TASK REQUIREMENTS =
Omitting the pictures, print every line below exactly as it stands.

THE DATA =
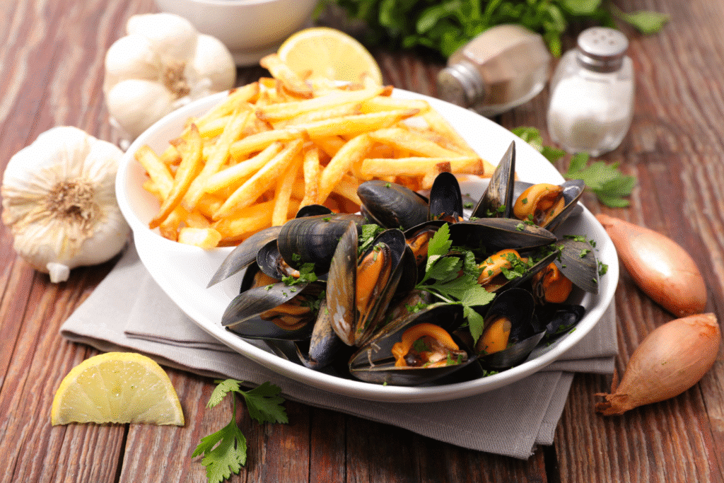Les fameuses Moules Frites à déguster sous de nombreuses saveurs ! Hall A3.
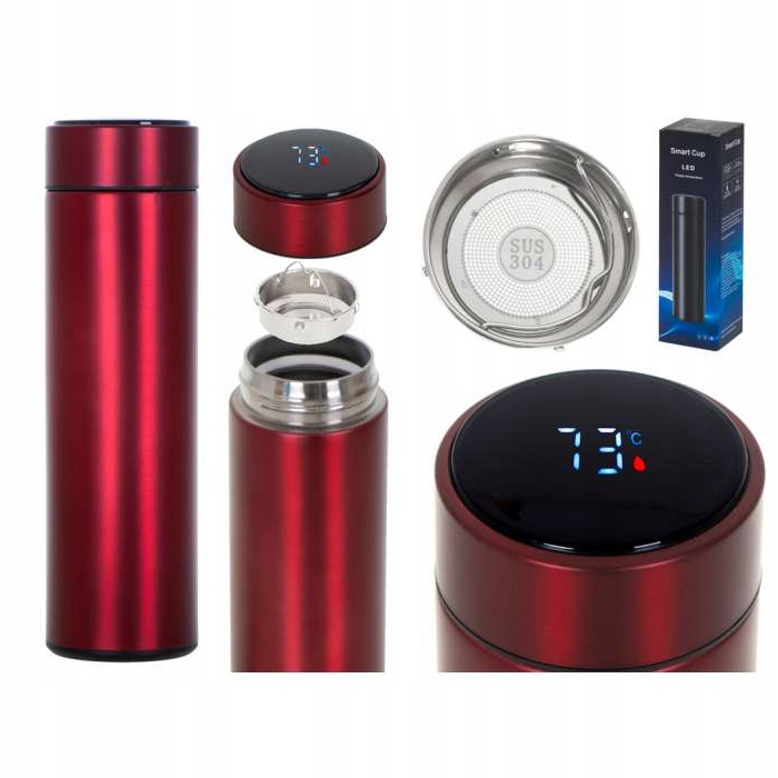 ТЕРМОКУХЛО ТЕРМОС SMART LED 500ML RED
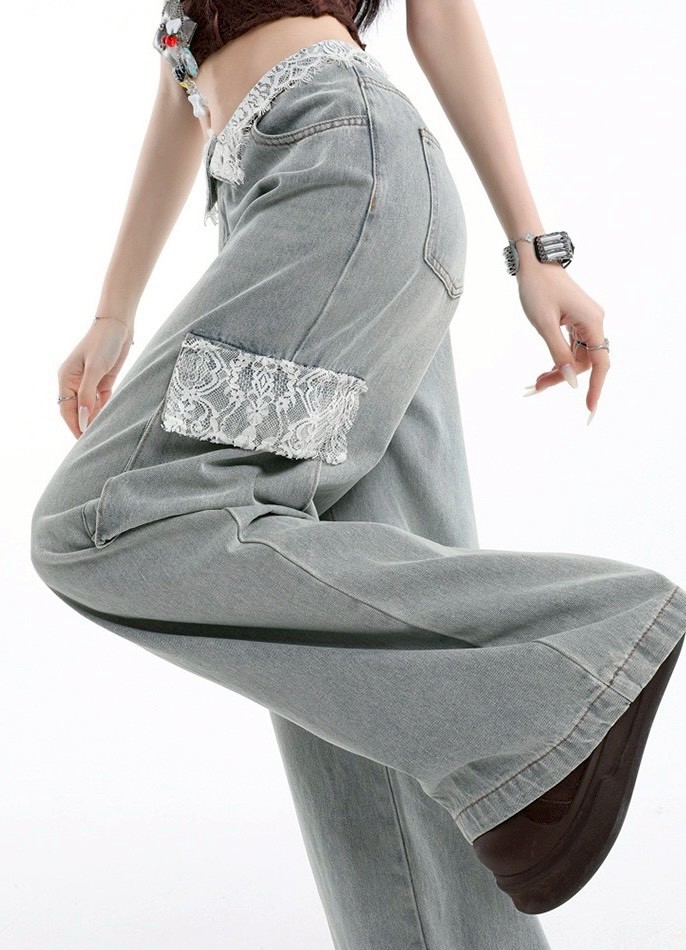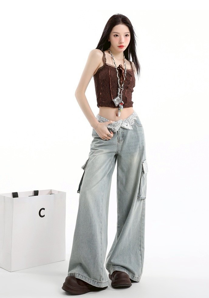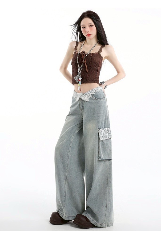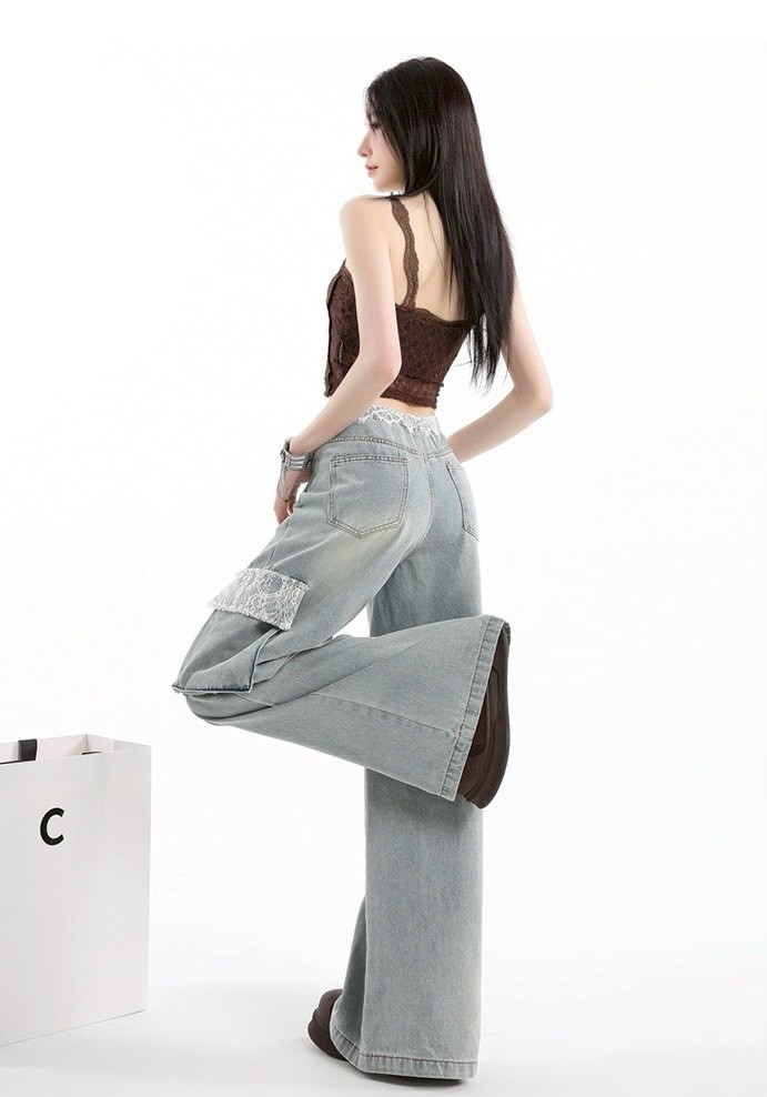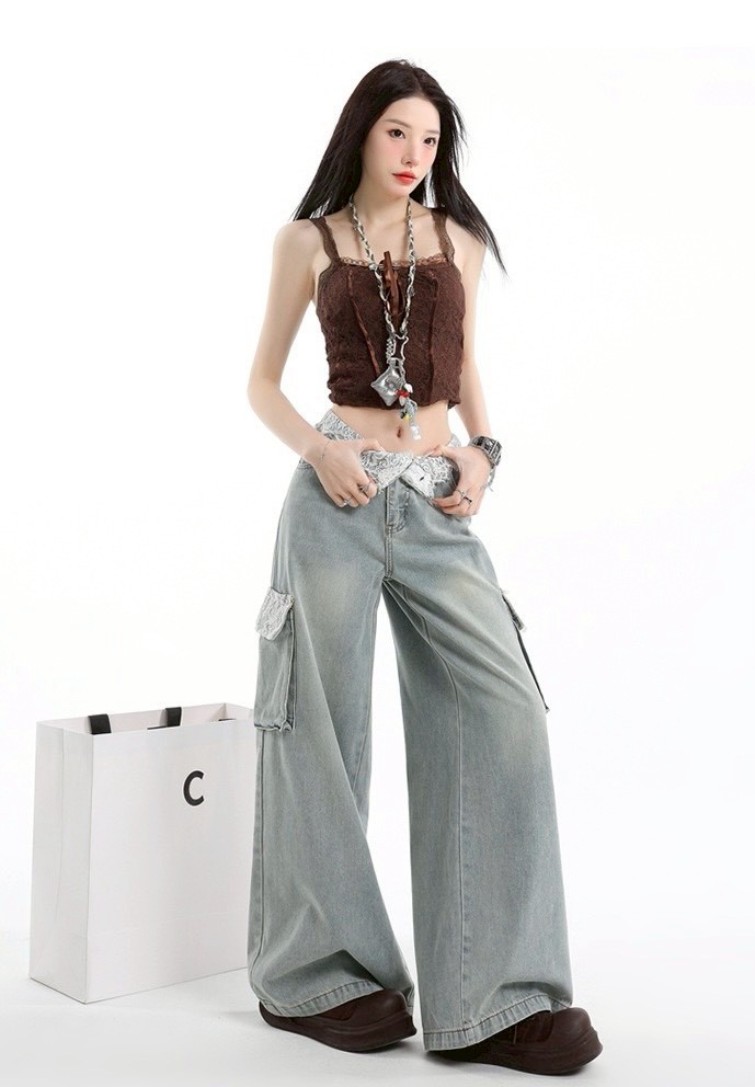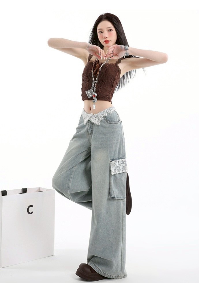 [商品名稱]:蕾絲拼接工裝牛仔褲

WRITTEN SOLUTION =
Les fameuses Moules Frites à déguster sous de nombreuses saveurs ! Hall A3.
 ТЕРМОКУХЛО ТЕРМОС SMART LED 500ML RED
 [商品名稱]:蕾絲拼接工裝牛仔褲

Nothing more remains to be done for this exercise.